Task prompt: Word for word, write the lines below out again, with no pictures.

Dataset section:
============================================================
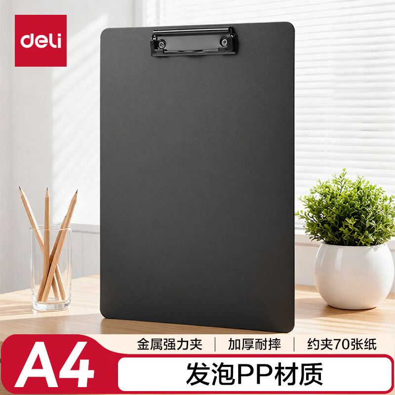 得力(deli)【超级爆款】A4书写文件夹 板夹办公用品金属强力夹塑料夹板菜单夹写字垫板文具64502灰色无挂孔
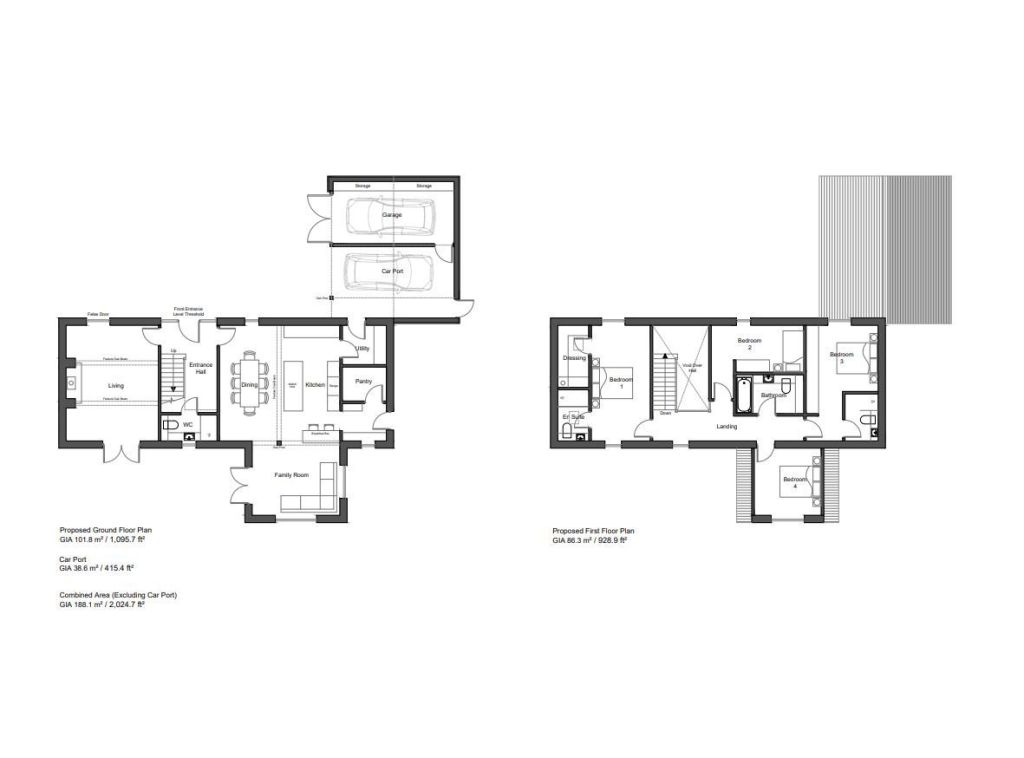 Plot 3 An attractive detached home with double width garage/carbarn of about 2024 square feet (GIA) following the style of a Threshing Barn. On the ground floor the accommodation consists of kitchen/dining room, utility room, pantry, sitting room and family room. All four bedrooms are positioned on the first floor, two of which have end suites, the principal bedroom also has a dressing room.
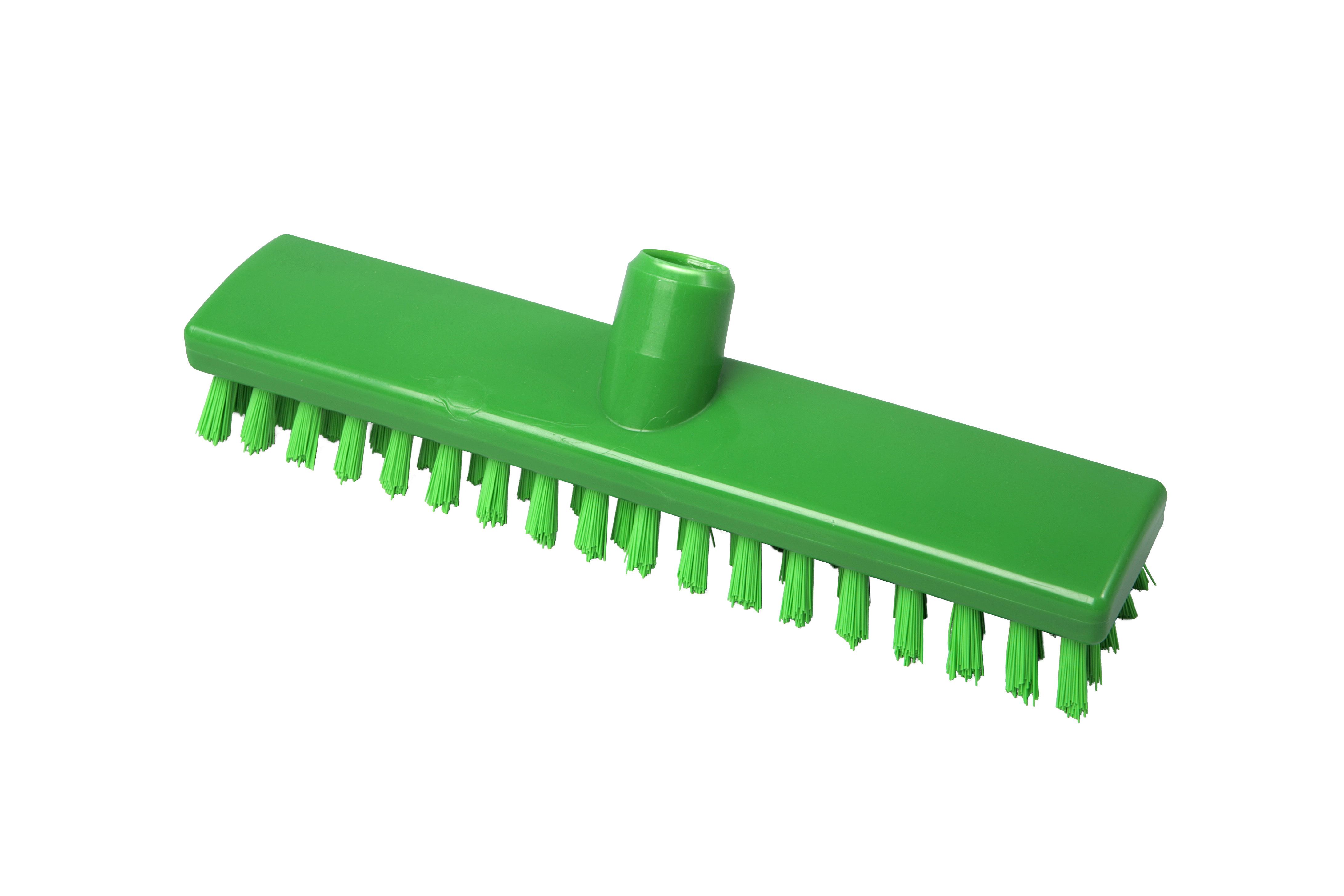 Harde groene schrobber met korte haren voor het schrobben van vloeren en wanden, tegels en hardnekkige vervuiling.
============================================================
Expected answer:
 得力(deli)【超级爆款】A4书写文件夹 板夹办公用品金属强力夹塑料夹板菜单夹写字垫板文具64502灰色无挂孔
 Plot 3 An attractive detached home with double width garage/carbarn of about 2024 square feet (GIA) following the style of a Threshing Barn. On the ground floor the accommodation consists of kitchen/dining room, utility room, pantry, sitting room and family room. All four bedrooms are positioned on the first floor, two of which have end suites, the principal bedroom also has a dressing room.
 Harde groene schrobber met korte haren voor het schrobben van vloeren en wanden, tegels en hardnekkige vervuiling.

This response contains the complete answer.